## Your goal
If an entry includes an image, drop the image and copy the rest verbatim.

## Source material
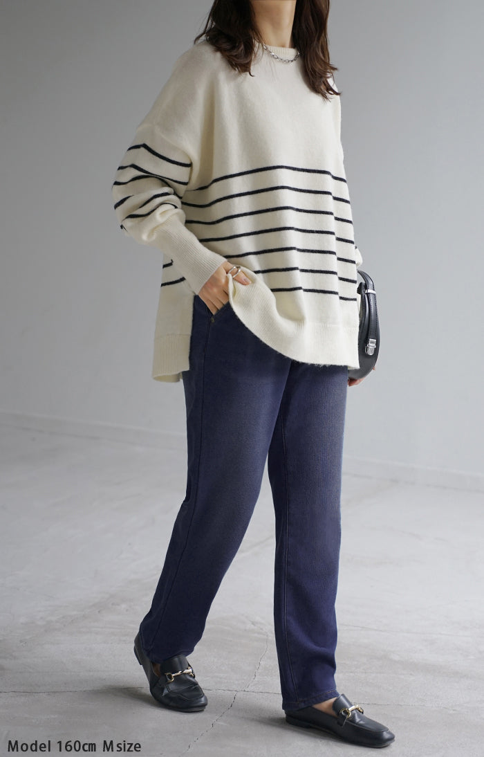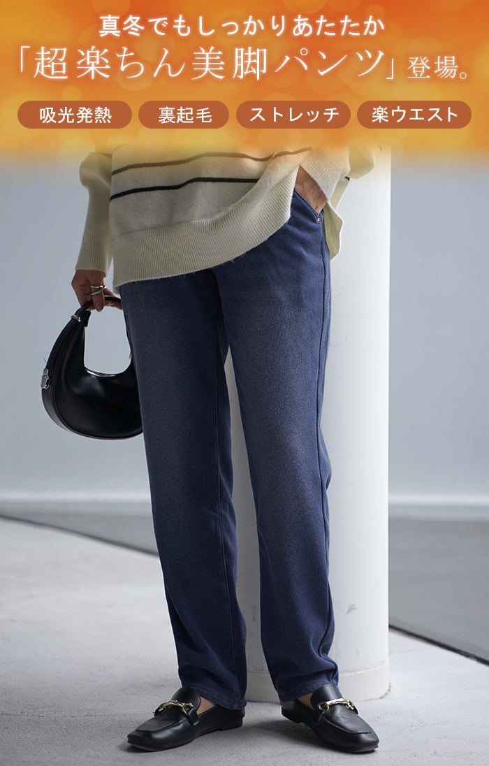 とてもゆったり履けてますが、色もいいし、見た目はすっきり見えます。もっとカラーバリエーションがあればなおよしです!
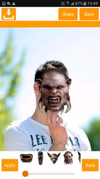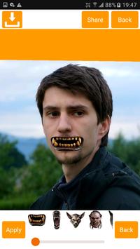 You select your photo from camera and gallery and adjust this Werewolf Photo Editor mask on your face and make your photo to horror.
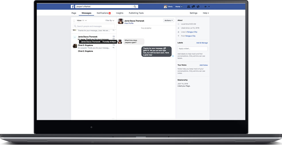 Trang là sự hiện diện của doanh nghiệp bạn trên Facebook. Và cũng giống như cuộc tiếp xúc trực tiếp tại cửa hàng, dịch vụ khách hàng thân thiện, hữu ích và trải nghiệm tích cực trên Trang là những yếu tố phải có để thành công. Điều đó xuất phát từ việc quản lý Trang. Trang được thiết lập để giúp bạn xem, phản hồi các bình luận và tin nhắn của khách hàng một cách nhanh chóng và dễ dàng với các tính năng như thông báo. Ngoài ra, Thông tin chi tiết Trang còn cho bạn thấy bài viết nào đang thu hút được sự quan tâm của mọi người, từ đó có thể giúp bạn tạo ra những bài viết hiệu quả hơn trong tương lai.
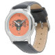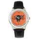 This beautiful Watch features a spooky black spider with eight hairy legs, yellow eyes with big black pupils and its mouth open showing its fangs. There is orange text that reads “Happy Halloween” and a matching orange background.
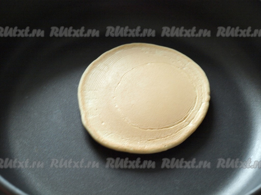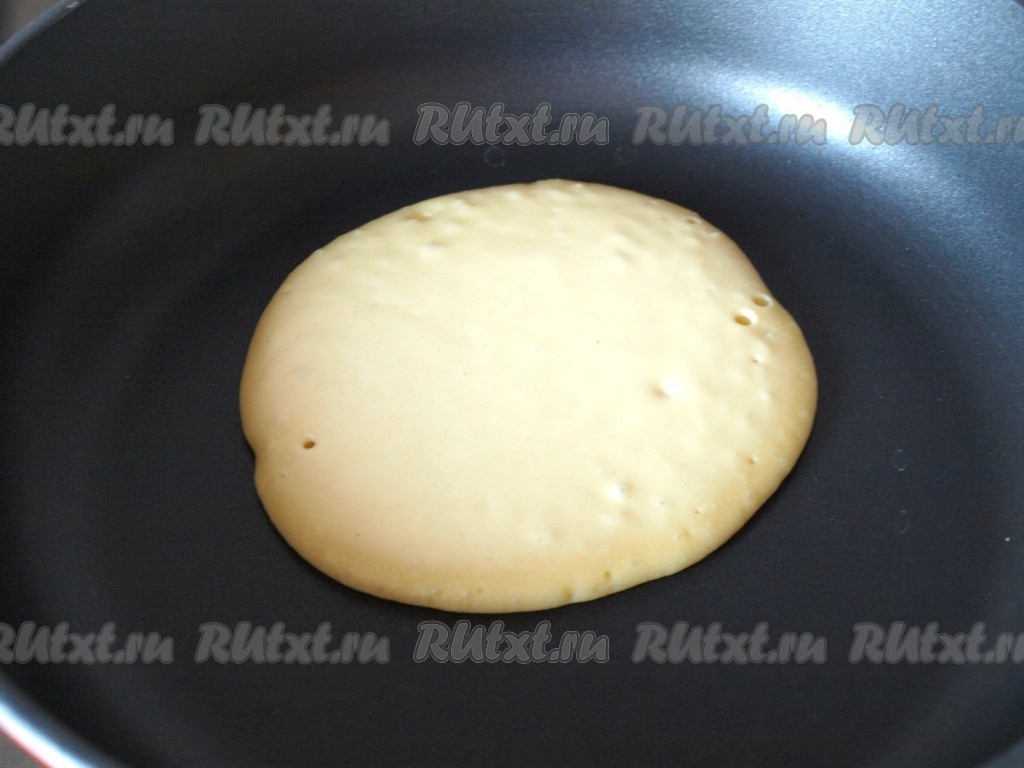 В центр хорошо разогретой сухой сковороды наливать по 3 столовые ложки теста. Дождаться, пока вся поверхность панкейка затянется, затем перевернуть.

## Task answer
 とてもゆったり履けてますが、色もいいし、見た目はすっきり見えます。もっとカラーバリエーションがあればなおよしです!
 You select your photo from camera and gallery and adjust this Werewolf Photo Editor mask on your face and make your photo to horror.
 Trang là sự hiện diện của doanh nghiệp bạn trên Facebook. Và cũng giống như cuộc tiếp xúc trực tiếp tại cửa hàng, dịch vụ khách hàng thân thiện, hữu ích và trải nghiệm tích cực trên Trang là những yếu tố phải có để thành công. Điều đó xuất phát từ việc quản lý Trang. Trang được thiết lập để giúp bạn xem, phản hồi các bình luận và tin nhắn của khách hàng một cách nhanh chóng và dễ dàng với các tính năng như thông báo. Ngoài ra, Thông tin chi tiết Trang còn cho bạn thấy bài viết nào đang thu hút được sự quan tâm của mọi người, từ đó có thể giúp bạn tạo ra những bài viết hiệu quả hơn trong tương lai.
 This beautiful Watch features a spooky black spider with eight hairy legs, yellow eyes with big black pupils and its mouth open showing its fangs. There is orange text that reads “Happy Halloween” and a matching orange background.
 В центр хорошо разогретой сухой сковороды наливать по 3 столовые ложки теста. Дождаться, пока вся поверхность панкейка затянется, затем перевернуть.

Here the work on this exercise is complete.